Tahapan ini terjadi 4 hari setelah jejas hingga terlama mencapai 21 hari tergantung pada
ukuran jejas dan status kesehatan pasien. Karakteristik dari tahapan ini adalah proses angiogenesis,
deposisi kolagen, pembentukan jaringan granulasi, kontraksi perlukaan, dan epitelisasi.

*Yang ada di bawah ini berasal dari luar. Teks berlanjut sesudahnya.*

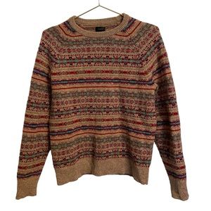 J. Crew Fair Isle Lambswool Crewneck Sweater Honey Beige Medium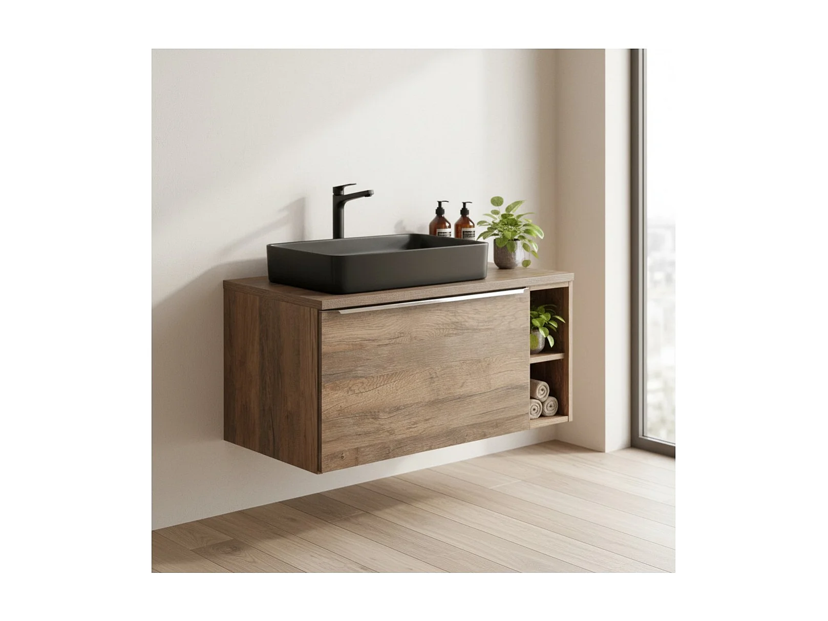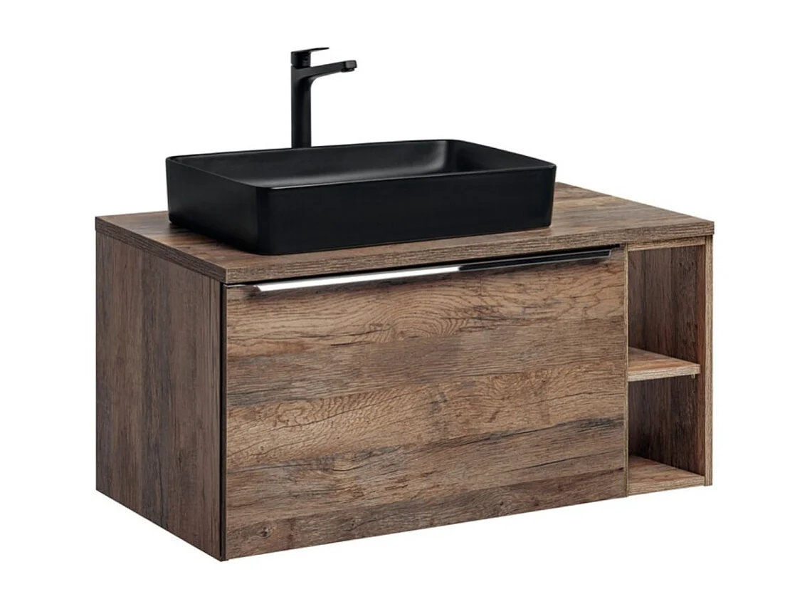 Ensemble de salle de bain VANTA chêne : meubles sous vasque 100cm + plan vasque + 1 vasque noire à poser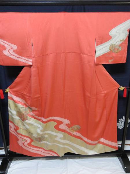 - 【桐輪】訪問着☆流水.小箱☆送料無料☆逸品物*美品{正絹*袷仕立*訪問着}*身丈156-裄63*潤朱色地*手絞り.金彩加工の流水と小箱*№3421775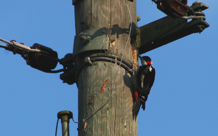 Buntspecht als Leitungsmasten-Hacker - Foto: Dr. Sabine Tapertzhofen, Wolfratshausen (LBV)
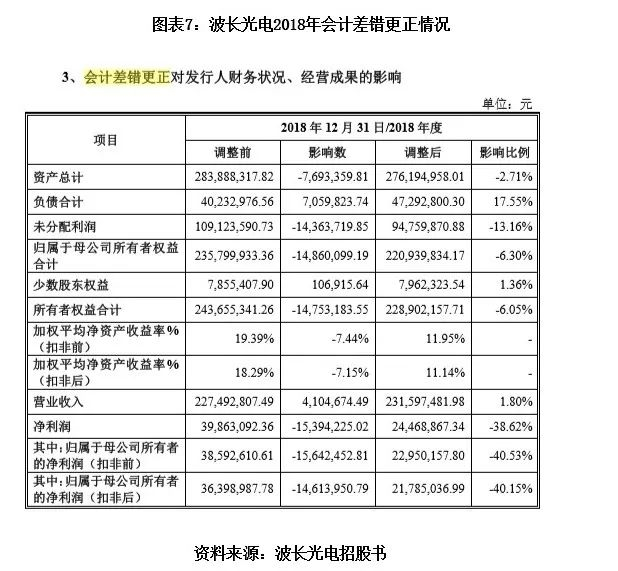 图表7:波长光电2018年会计差错更正情况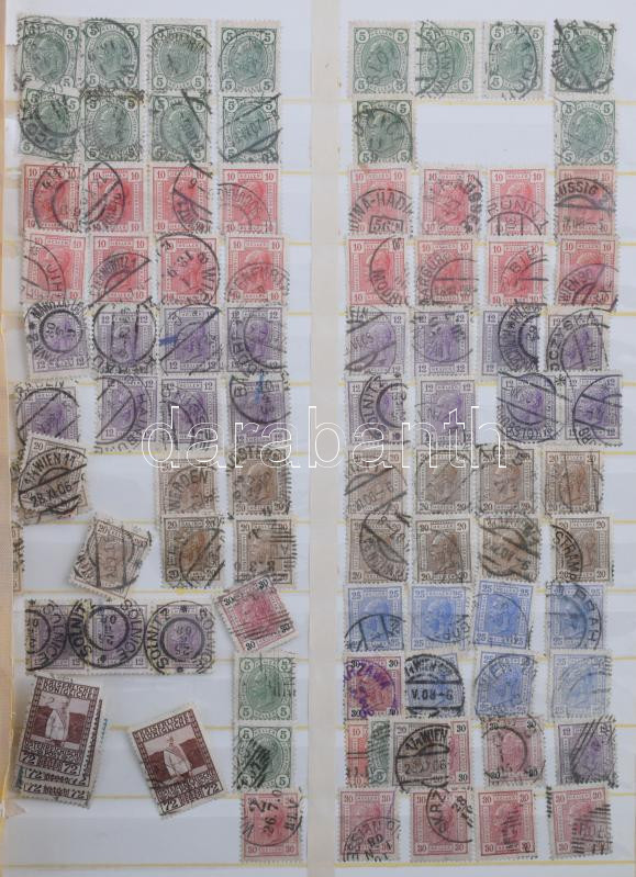 Magyar és osztrák klasszikus anyag, benne 501 db Turul bélyeg + 1.316 db osztrák bélyeg az 1890-1908 közötti időszakból, 13 lapos nagyalakú berakóban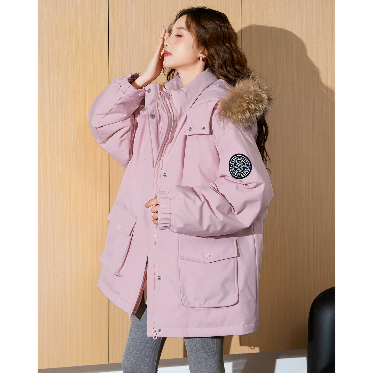 新款 羽绒服女冬季 唐狮粉色工装 户外保暖连帽羽绒外套tu 防水

Secara klinis, proliferasi dipicu oleh kolagen pada dasar perlukaan termasuk di dalamnya
perubahan pada lapisan dermal dan kadang hingga subdermal pada perlukaan yang lebih dalam.
Fibrobklas merupakan sel "framer" yang menyekresi kolagen pada regenerasi dermal. Fibroblas
bertanggung jawab pada kontraksi perlukaan. Pericyte merupakan sel "plumber" yang meregenerasi
lapisan luar kapiler dan sel endotel yang memproduksi lining yang disebut dengan proses
angiogenesis. Keretinosit meruapakan sel "roofer" dan "sider" yang bertanggung jawab pada
epitelisasi. Pada tahapan final di fase ini, keratinosit akan berdiferensiasi membentuk lapisan
protektif terluar pada stratum korneum.
Pada penyembuhan luka, semua sel di bawah pengaruh growth factor untuk memproduksi
sel baru yang pada migrasinya membutuhkan sitokin. Pada proses ini diperlukan keseimbagan antara
MMPs dan TIMPs untuk membentuk jaringan baru. Sebaliknya pada lukan kronis, diperlukan
konsentrasi tinggi dari sitokin dan MMPs dan konsentrasi rendah dari TIMPs terhadap growth factor,
kondisi ini merupakan karakteristik dari fase kronis. Hal ini disebabkan oleh peningkatan serangan
bakteri, adanya jaringan nekrosis, iskemia kronis ataupun trauma ulang.

4. Fase Maturasi Mukosa


Setelah tahapan sebelumnya lengkap, fase maturasi dan remodeling dimulai. Tahapan ini
ditandai dengan penyusunan jaringan kolagen untuk menghasilkan tensile strength yang lebih baik
pada daerah luka karena peningkatan densitas sel dan kapiler. Sel yang berperan utama adalah
fibroblas. Fase ini berjalan hingga 2 tahun setelah jejas, hal inilah yang menjelaskan mengapa luka
tertutup lebih cepat pulih dibandingkan luka terbuka. Definisi luka berdasarkan proses
penyembuhannya terbagi dalam:
a. Luka akut yang penyembuhannya normal dan prosesnya seperti dijelaskan di atas
b. Luka kronis yang proses penyembuhannya tidak sesuai dengan masa normal karena terdapat
faktor pengganggu.

Perbedaan lama penyembuhan luka tergantung pada letak lukanya apakah superfisial dan
dalam. Luka superfisial biasanya terjadi sekitar 0,5 mm dari permukaan mukosa atau sekitar 33%
dari ketebalan jaringan kulit. Pada luka superfisial ini tidak menghasilkan jaringan parut, sedangkan
luka yang lebih dalam akan menghasilkan jaringan parut. Faktor yang memengaruhi penyembuhan
luka tergantung pada:
a. Lingkungan sektiar luka termasuk di dalamnya infeksi, jaringan nekrotik dan ketersedian
vaskular yang adekuat
b. Faktor fisik dan fisiologis seperti nutrisi, penyakit sistemik yang mendasari dan kondisi mental
individu
c. Faktor pendukung ekstrinsik yaitu kualitas hidup pasien seperti imobilitas, kebersihan
lingkungan, dukungan keluarga dan kemampuan finansial individu.